[Records provided — start]
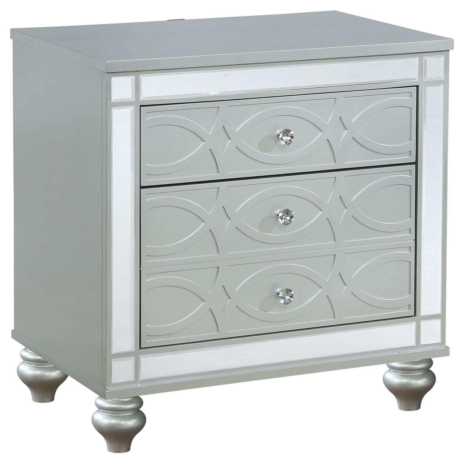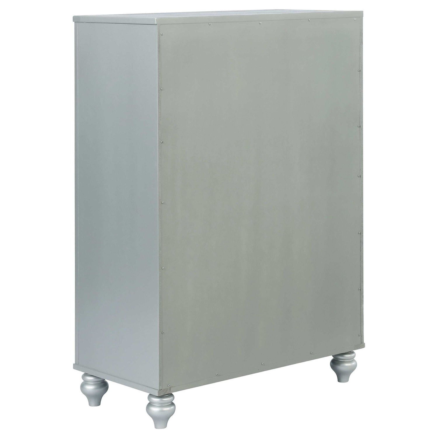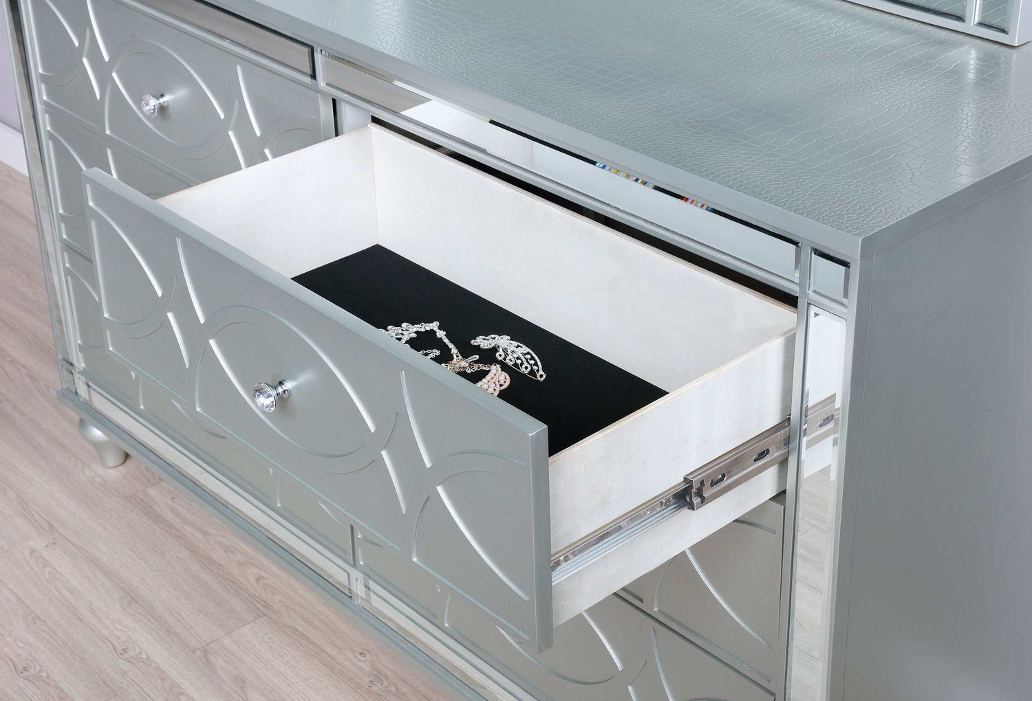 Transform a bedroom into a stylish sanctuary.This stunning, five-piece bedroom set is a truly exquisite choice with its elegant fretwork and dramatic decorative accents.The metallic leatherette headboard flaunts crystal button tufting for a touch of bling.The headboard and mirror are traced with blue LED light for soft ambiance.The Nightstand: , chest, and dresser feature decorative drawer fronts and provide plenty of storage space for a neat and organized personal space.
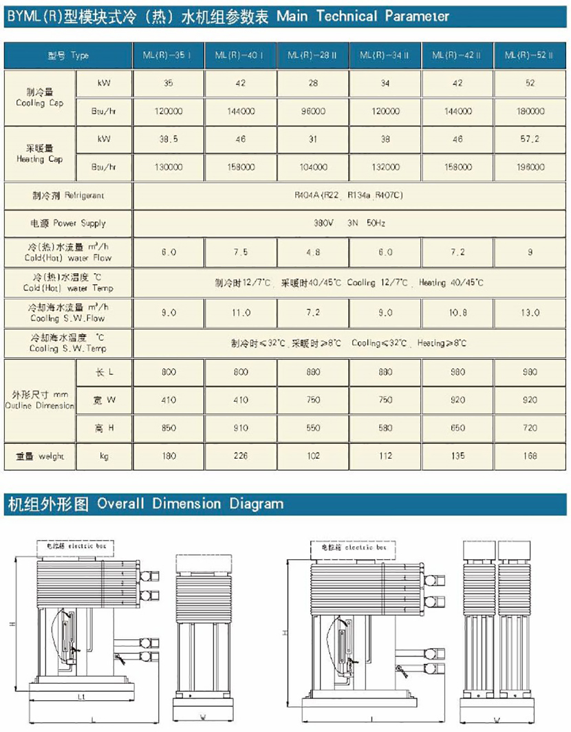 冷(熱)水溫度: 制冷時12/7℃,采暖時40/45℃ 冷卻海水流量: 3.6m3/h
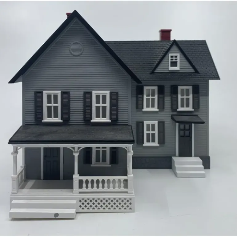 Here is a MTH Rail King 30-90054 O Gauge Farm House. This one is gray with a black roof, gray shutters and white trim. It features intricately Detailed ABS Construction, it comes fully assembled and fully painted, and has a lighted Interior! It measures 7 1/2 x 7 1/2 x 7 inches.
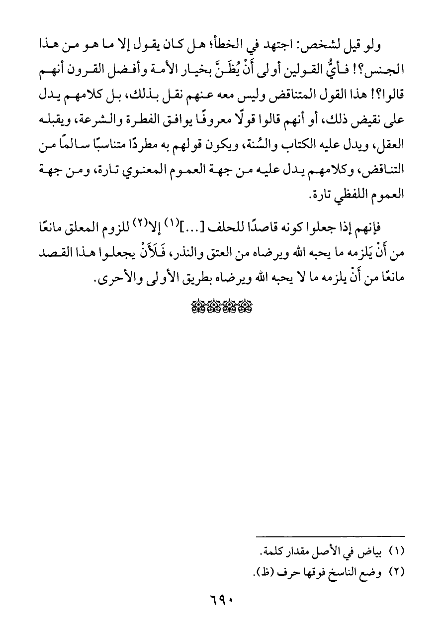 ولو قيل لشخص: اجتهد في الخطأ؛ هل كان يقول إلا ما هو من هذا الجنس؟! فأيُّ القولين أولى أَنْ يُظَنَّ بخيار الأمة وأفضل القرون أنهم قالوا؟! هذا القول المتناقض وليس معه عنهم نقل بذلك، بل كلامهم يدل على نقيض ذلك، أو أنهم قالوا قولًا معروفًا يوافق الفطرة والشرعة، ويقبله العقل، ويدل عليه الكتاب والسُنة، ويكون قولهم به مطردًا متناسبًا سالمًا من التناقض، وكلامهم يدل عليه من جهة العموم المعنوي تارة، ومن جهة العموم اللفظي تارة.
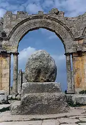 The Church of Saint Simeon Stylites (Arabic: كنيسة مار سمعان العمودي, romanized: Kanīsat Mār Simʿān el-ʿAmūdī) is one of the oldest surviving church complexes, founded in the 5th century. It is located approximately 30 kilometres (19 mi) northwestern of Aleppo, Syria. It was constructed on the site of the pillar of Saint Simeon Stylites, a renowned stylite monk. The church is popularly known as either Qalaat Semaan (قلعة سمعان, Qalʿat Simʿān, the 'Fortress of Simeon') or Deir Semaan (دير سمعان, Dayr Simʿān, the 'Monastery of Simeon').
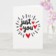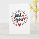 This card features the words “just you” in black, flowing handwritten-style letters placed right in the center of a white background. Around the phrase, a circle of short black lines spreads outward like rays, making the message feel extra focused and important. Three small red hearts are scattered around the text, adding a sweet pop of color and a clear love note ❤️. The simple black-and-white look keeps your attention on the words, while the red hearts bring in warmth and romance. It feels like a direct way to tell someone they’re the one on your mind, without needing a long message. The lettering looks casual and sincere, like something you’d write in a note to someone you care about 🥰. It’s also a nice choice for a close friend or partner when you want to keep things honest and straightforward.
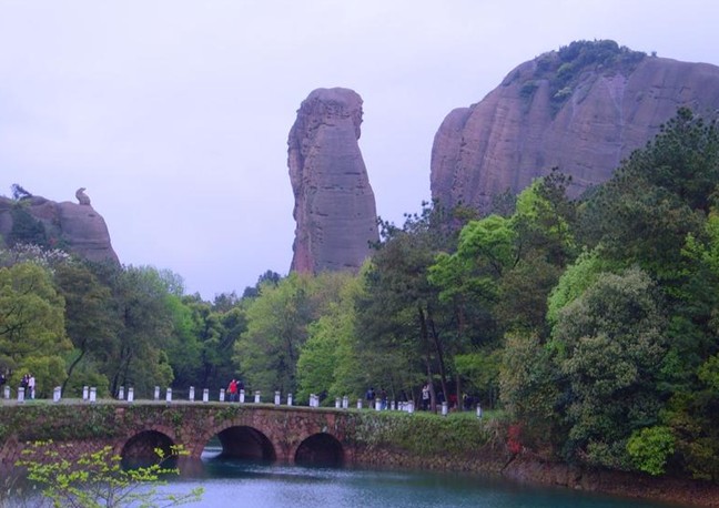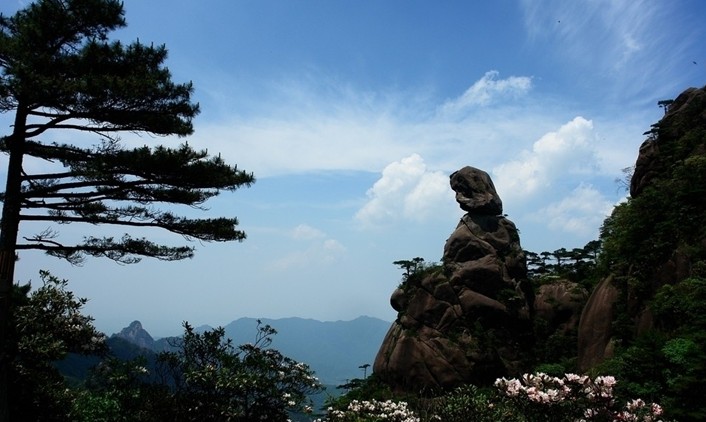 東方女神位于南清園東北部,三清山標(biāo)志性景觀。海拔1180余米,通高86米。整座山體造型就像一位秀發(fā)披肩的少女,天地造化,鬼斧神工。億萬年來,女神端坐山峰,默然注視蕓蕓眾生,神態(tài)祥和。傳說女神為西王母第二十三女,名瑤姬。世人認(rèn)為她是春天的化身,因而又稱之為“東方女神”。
[Records provided — finish]
Copy only what lies between the line with "Here is a MTH" and the line with "ولو قيل لشخص: اجتهد", those two lines included, exactly as given above; pictures stay out.

 Here is a MTH Rail King 30-90054 O Gauge Farm House. This one is gray with a black roof, gray shutters and white trim. It features intricately Detailed ABS Construction, it comes fully assembled and fully painted, and has a lighted Interior! It measures 7 1/2 x 7 1/2 x 7 inches.
 ولو قيل لشخص: اجتهد في الخطأ؛ هل كان يقول إلا ما هو من هذا الجنس؟! فأيُّ القولين أولى أَنْ يُظَنَّ بخيار الأمة وأفضل القرون أنهم قالوا؟! هذا القول المتناقض وليس معه عنهم نقل بذلك، بل كلامهم يدل على نقيض ذلك، أو أنهم قالوا قولًا معروفًا يوافق الفطرة والشرعة، ويقبله العقل، ويدل عليه الكتاب والسُنة، ويكون قولهم به مطردًا متناسبًا سالمًا من التناقض، وكلامهم يدل عليه من جهة العموم المعنوي تارة، ومن جهة العموم اللفظي تارة.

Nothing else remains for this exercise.